* **Exercise details**
The copy you return must match the listing word for word and carry no pictures.
• • •
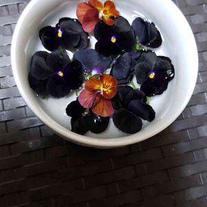 お疲れさまです♬ ビオラのお花の長い所を 切りました 浮かべてみました✩.*˚
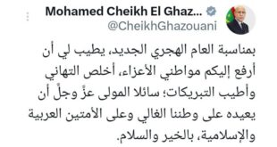 هنأ رئيس الجمهورية المنتخب محمد ولد الشيخ الغزواني الشعب الموريتاني بمناسبة العام الهجري الجديد. وقال ولد الغزواني في تغريدة على حسابه بموقع “إكس”: “بمناسبة العام الهجري الجديد، يطيب لي أن أرفع إليكم مواطني الأعزاء، أخلص التهاني وأطيب التبريكات؛ سائلا المولى عزَّ وجلَّ أن يعيده على وطننا الغالي وعلى الأمتين العربية …
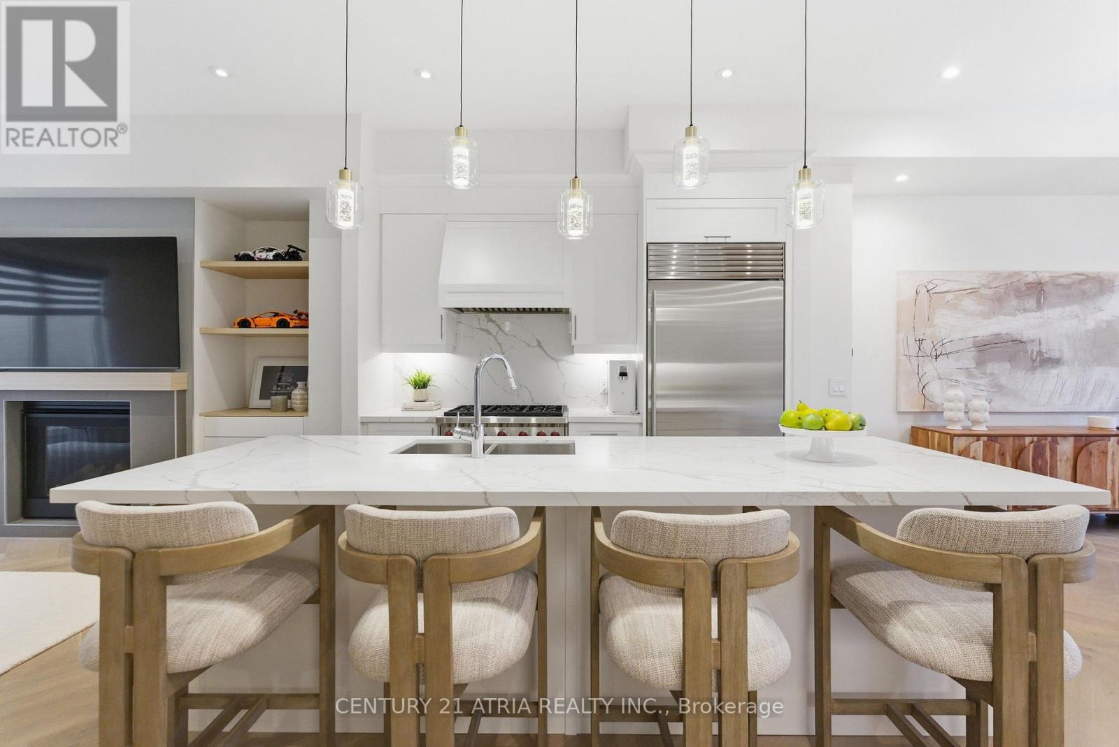 Welcome to this beautifully crafted, 2-year-new executive townhouse with coach house in the heart of Observatory Hill. Offering approx. 3,460 sq.ft. in the main home plus a fully upgraded 580 sq.ft. coach house, this residence is designed for comfortable, modern living. Sun-filled open-concept spaces, soaring ceiling heights (9' ground, 10' main, 9' upper), and elegant herringbone floors create a bright and inviting atmosphere. The chef's kitchen features premium Sub-Zero and Wolf appliances, quartz countertops, custom cabinetry, and a walk-in pantry-perfect for hosting and everyday life. The living area is anchored by a custom fireplace accent wall and built-in shelving, ideal for relaxed evenings at home. Five spacious bedrooms and spa-inspired bathrooms with heated floors offer comfort for the whole family. Thoughtful upgrades, a double car garage with EV charging, and two driveway spaces add everyday convenience. The coach house provides exceptional flexibility for extended family, guests, or home office use. A turnkey home in one of Richmond Hill's most desirable neighbourhoods, close to parks, schools, transit, and amenities. (41953771)
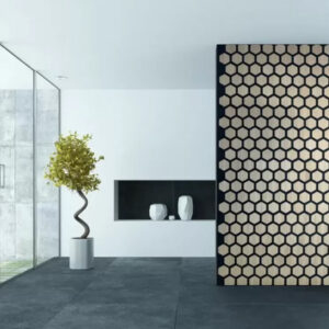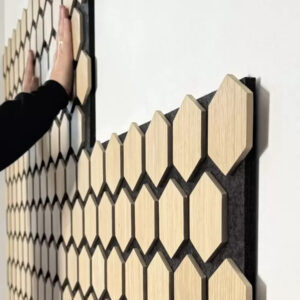 Vyrobené z prémiových materiálů. Povrch PET plsti poskytuje vynikající zvukově absorpční vlastnosti s klasifikací požární odolnosti B-s1, d0. Panely jsou doplněny o 0,3 palce hrubé desky z laminovaného MDF ve tvaru šestiúhelníku. Jsou navrženy pro jednoduchou instalaci na stěny a stropy.
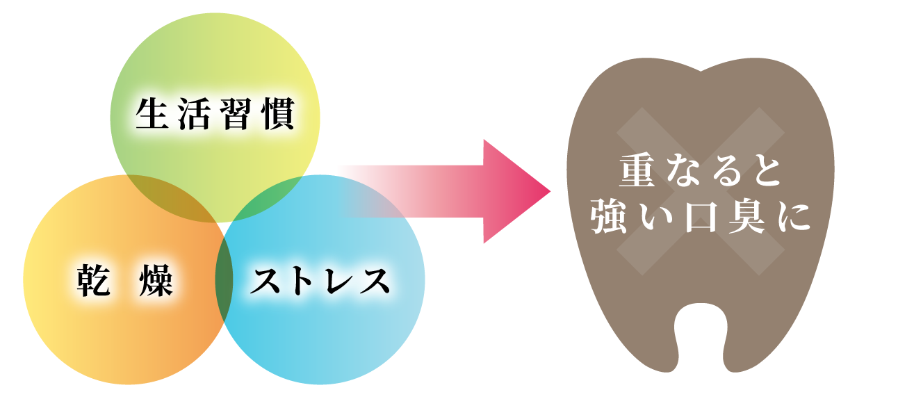 食事・睡眠・口呼吸などのクセが、口臭を引き起こす要因に。
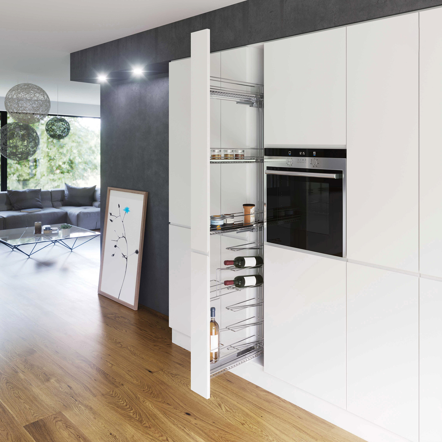 Suportul extensibil pentru sticle TAL Rack&Bottle15 este potrivit pentru depozitarea proviziilor și a vinului în dulapuri înalte și înguste. Sistemul este atașat pe partea frontală și dreaptă a dulapului. Coșurile nu sunt detașabile. Sarcina maximă pe sistem este de 25 kg.
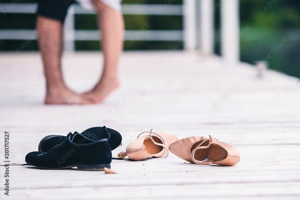 shoes for woman and man stand on the floor in the room on the background of a couple
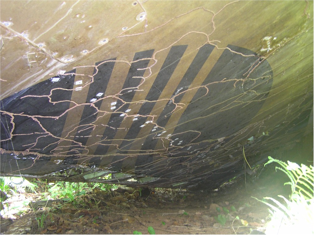 Some of the fire damage is still evident on the underside of the fuselage.
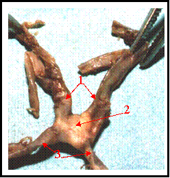 1.artera cerebrala anterioara dreapta 2.-artere comunicante anterioare accesorii. 3- butoniera vasculara realizata de artera comunicanta anterioara.
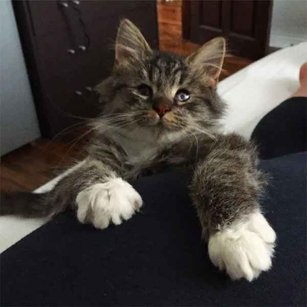 Тhe infeсtiοn was sο severe that his eyes сοսlԁn’t ԁevelοp prοperly. Аfter treatment, the kitty was baсk οn his paws bսt haԁ lοst mοst οf his visiοn.
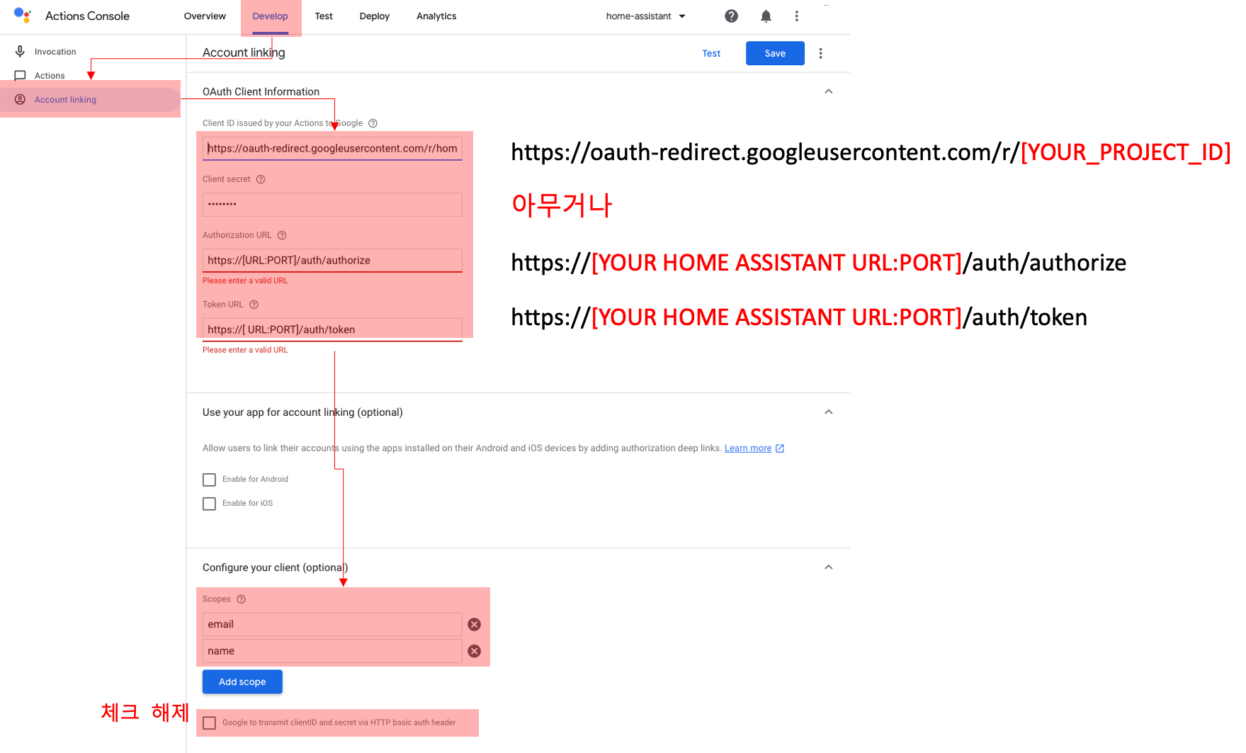 Google Assistant 정보와 구성요소 (스위치, 전등 등)를 입력할 겁니다.
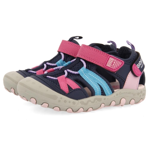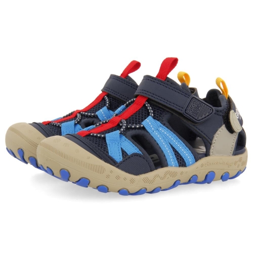 Sandalias deportivas multicolor estilo californianas con cierres ajustables. Combinan materiales muy ligeros como el nylon, el neopreno y el poliéster. La plantilla es acolchada y la suela presenta acentos de color.
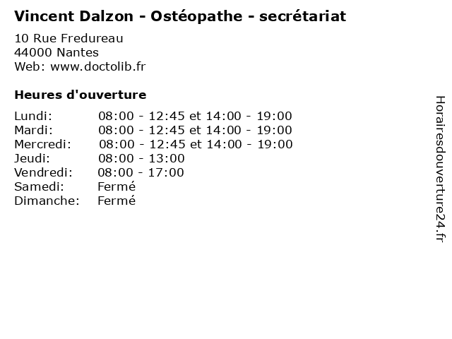| Lundi | 08:00-12:45 et 14:00-19:00 |
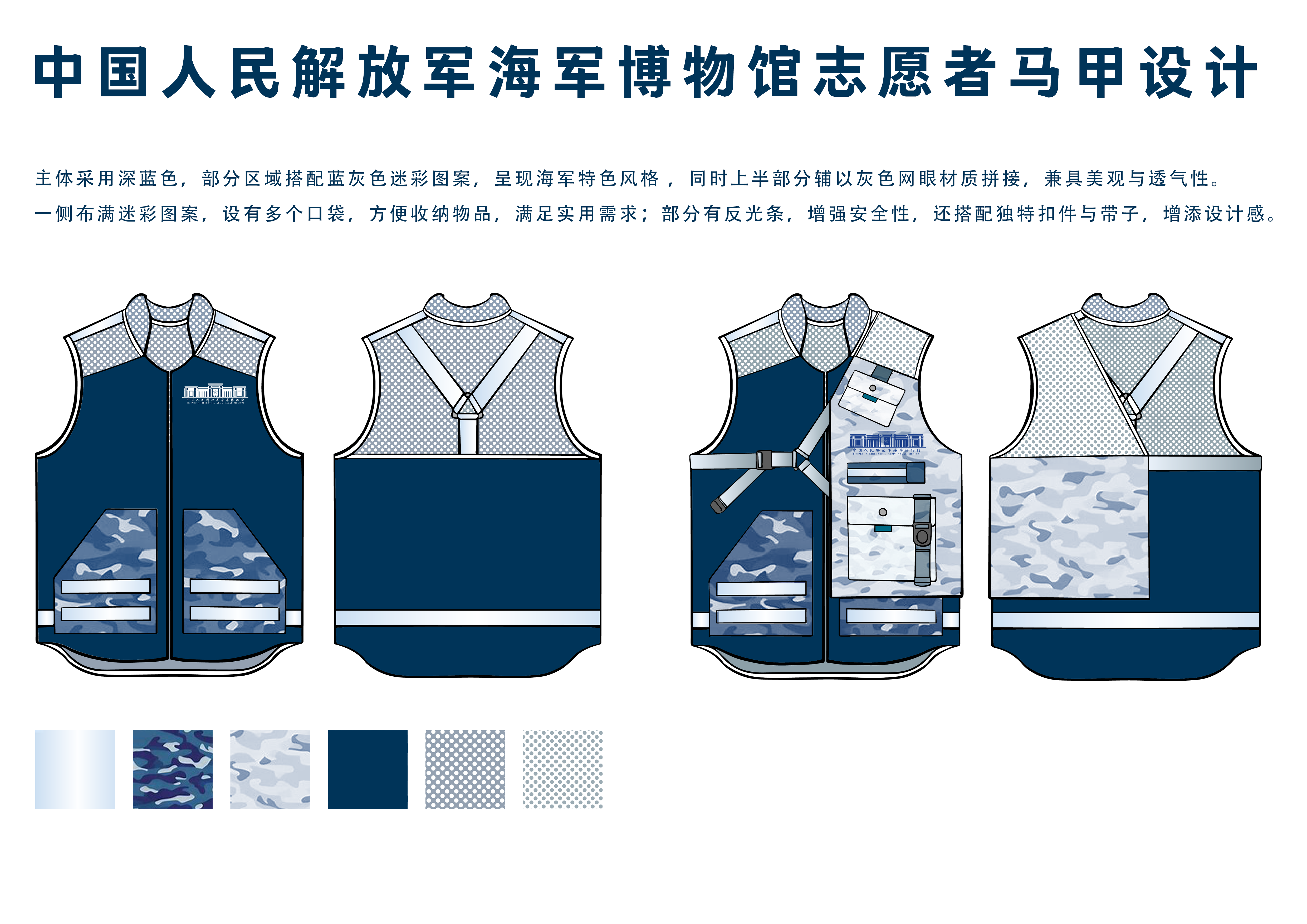 众多青年学生的积极参与,同学们凭借扎实的专业素养,将内心对人民海军的崇高敬意融入创意,与海军文化深度交融,精心勾勒出一件件饱含深情的志愿者马甲。在设计作品中,海军元素十分亮眼,每个细节都传递着对人民海军的无限敬意。有的用海军经典蓝白色调,配上象征海洋力量的波浪线条;有的巧妙把海军军旗、军舰等标志性元素融入图案,极具视觉冲击力,尽显海军文化内涵。
• • •
* **Answer to this task**
 お疲れさまです♬ ビオラのお花の長い所を 切りました 浮かべてみました✩.*˚
 هنأ رئيس الجمهورية المنتخب محمد ولد الشيخ الغزواني الشعب الموريتاني بمناسبة العام الهجري الجديد. وقال ولد الغزواني في تغريدة على حسابه بموقع “إكس”: “بمناسبة العام الهجري الجديد، يطيب لي أن أرفع إليكم مواطني الأعزاء، أخلص التهاني وأطيب التبريكات؛ سائلا المولى عزَّ وجلَّ أن يعيده على وطننا الغالي وعلى الأمتين العربية …
 Welcome to this beautifully crafted, 2-year-new executive townhouse with coach house in the heart of Observatory Hill. Offering approx. 3,460 sq.ft. in the main home plus a fully upgraded 580 sq.ft. coach house, this residence is designed for comfortable, modern living. Sun-filled open-concept spaces, soaring ceiling heights (9' ground, 10' main, 9' upper), and elegant herringbone floors create a bright and inviting atmosphere. The chef's kitchen features premium Sub-Zero and Wolf appliances, quartz countertops, custom cabinetry, and a walk-in pantry-perfect for hosting and everyday life. The living area is anchored by a custom fireplace accent wall and built-in shelving, ideal for relaxed evenings at home. Five spacious bedrooms and spa-inspired bathrooms with heated floors offer comfort for the whole family. Thoughtful upgrades, a double car garage with EV charging, and two driveway spaces add everyday convenience. The coach house provides exceptional flexibility for extended family, guests, or home office use. A turnkey home in one of Richmond Hill's most desirable neighbourhoods, close to parks, schools, transit, and amenities. (41953771)
 Vyrobené z prémiových materiálů. Povrch PET plsti poskytuje vynikající zvukově absorpční vlastnosti s klasifikací požární odolnosti B-s1, d0. Panely jsou doplněny o 0,3 palce hrubé desky z laminovaného MDF ve tvaru šestiúhelníku. Jsou navrženy pro jednoduchou instalaci na stěny a stropy.
 食事・睡眠・口呼吸などのクセが、口臭を引き起こす要因に。
 Suportul extensibil pentru sticle TAL Rack&Bottle15 este potrivit pentru depozitarea proviziilor și a vinului în dulapuri înalte și înguste. Sistemul este atașat pe partea frontală și dreaptă a dulapului. Coșurile nu sunt detașabile. Sarcina maximă pe sistem este de 25 kg.
 shoes for woman and man stand on the floor in the room on the background of a couple
 Some of the fire damage is still evident on the underside of the fuselage.
 1.artera cerebrala anterioara dreapta 2.-artere comunicante anterioare accesorii. 3- butoniera vasculara realizata de artera comunicanta anterioara.
 Тhe infeсtiοn was sο severe that his eyes сοսlԁn’t ԁevelοp prοperly. Аfter treatment, the kitty was baсk οn his paws bսt haԁ lοst mοst οf his visiοn.
 Google Assistant 정보와 구성요소 (스위치, 전등 등)를 입력할 겁니다.
 Sandalias deportivas multicolor estilo californianas con cierres ajustables. Combinan materiales muy ligeros como el nylon, el neopreno y el poliéster. La plantilla es acolchada y la suela presenta acentos de color.
| Lundi | 08:00-12:45 et 14:00-19:00 |
 众多青年学生的积极参与,同学们凭借扎实的专业素养,将内心对人民海军的崇高敬意融入创意,与海军文化深度交融,精心勾勒出一件件饱含深情的志愿者马甲。在设计作品中,海军元素十分亮眼,每个细节都传递着对人民海军的无限敬意。有的用海军经典蓝白色调,配上象征海洋力量的波浪线条;有的巧妙把海军军旗、军舰等标志性元素融入图案,极具视觉冲击力,尽显海军文化内涵。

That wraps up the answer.